Sunday, April 9, 2017

Sunrise, Sunset

   Palm Sunday of the Passion of the Lord   A 
On September 17, 1787, the U.S. Constitution was signed in Independence Hall in Philadelphia.  Winning the Revolutionary War had gained them independence, but forming the 13 colonies into a single nation was a battle all it’s own.  As the last members of the Constitutional Convention signed the document, Benjamin Franklin—speaking to James Madison and a few others nearby—pointed to the chair on which President Washington had been seated during the proceedings.  At the top of the chair’s high back was painted a golden sun peaking over the horizon.  Franklin noted that it has always been a particular challenge to artists to depict the difference between a rising and a setting sun.  Throughout the Convention, he had many times looked behind the President and, due to the back and forth of the debate and his own hopes and fears for how things might end, was unable to tell whether this sun was rising or setting on the young country.  “But now at length,” said Franklin, “I have the happiness to know, that it is a rising, not a setting sun.”


Sunrise, or sunset? 

That question has endured—and the answer has varied—throughout our nation’s history.  We’ve seen times of war, and times of peace.  We’ve witnessed the rise and fall of both our material fortunes and our moral integrity.  That question can also be asked on a global scale—in times like our own, for example, which are marked by such impressive technological progress, but also by gas attacks and missiles in Syria, a terrorist truck driver in Stockholm, and (just this morning) by the bombing of churches in Egypt.  Likewise, it can be asked in our individual lives, as we find ourselves shifting between joy and sorrow, trials and triumphs, sickness and health.

Sunrise, or sunset? 

The question can also be asked here in the Church.  We rightly look to the Church to be a sure and steady anchor in an often turbulent world.  But changing times, apparent right here in our own parish, can leave us uncertain: clinging to the past, and a bit fearful about the future; wondering if we’re standing on the threshold of something exciting and new, or if we can only expect gradual, continuing decline. 

Sunrise, or sunset? 

That question is not unique to Christians today, for it surely must have been asked by the disciples who witnessed firsthand the events we commemorate during this Holy Week.  What elation, what expectancy there must have been for the future when they walked alongside Jesus, who was riding like royalty into the holy city as the exuberant crowds waved palms of victory and shouted, “Hosanna to the Son of David!”  But what dejection, what desolation, only days later, to behold him dragged as a criminal through now jeering crowds to be nailed to a Roman cross outside Jerusalem’s walls, hanging beneath the taunting, ironic charge laid against him: “This is Jesus, the King of the Jews.”


Sunrise, or sunset? 

My friends, we Christians are without a doubt people of the sunrise.  From ancient times, it’s been Catholic tradition to build churches with their altars toward the East.  (Such is the case with all four of our churches here in St. André’s Parish.)  Our buildings are literally “oriented”—turned toward the Orient, the East, the land of the rising sun.  And that’s because we have something so much greater than Benjamin Franklin possessed.  Franklin had optimism: a positive regard for the future based on what human beings had been able to accomplish in the past.  But we Christians have hope, which is founded not on any mere human achievement, but on the eternal faithfulness of God.  No matter the surrounding darkness, no matter the threatening gloom, we are sure the sun is rising—believing that humility is a path leading to exultation; that life is far, far stronger than death; that even should we feel abandoned, in Jesus we have truly encountered God-with-us.

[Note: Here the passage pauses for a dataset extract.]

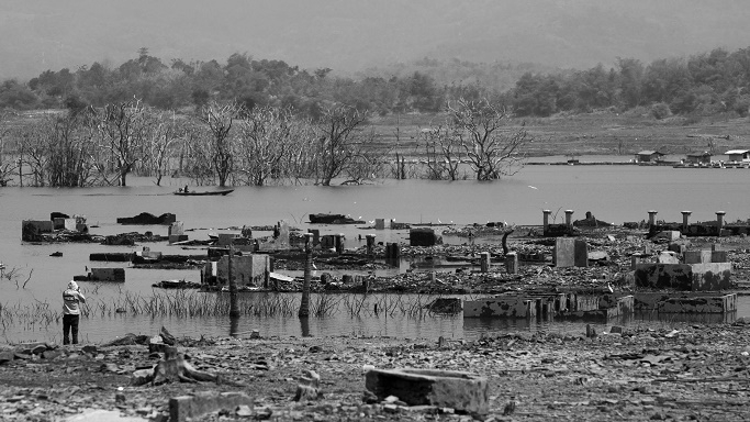 Reruntuhan konstruksi bangunan di dasar Waduk Jatigede kembali muncul dampak dari kekeringan, Desa Cipaku, Kecamatan Darmaraja, Sumedang, Selasa, 3 Oktober 2023. (Foto: Prima Mulia/BandungBergerak.id)Waduk sebagai Spatio-Temporal Fix: Problema Lima Dekade Pembangunan Jatigede

Benjamin Franklin was inspired by a painted sun on a wooden chair—one you can still see in Philadelphia.  But we draw our hope from the world’s true Light, once nailed to the wood of the Cross…but there no more.

During these days of Holy Week, and through every circumstance of life, let us keep our faces turned toward the East.  Even when within the dim shadow of death, we know the Sun is rising!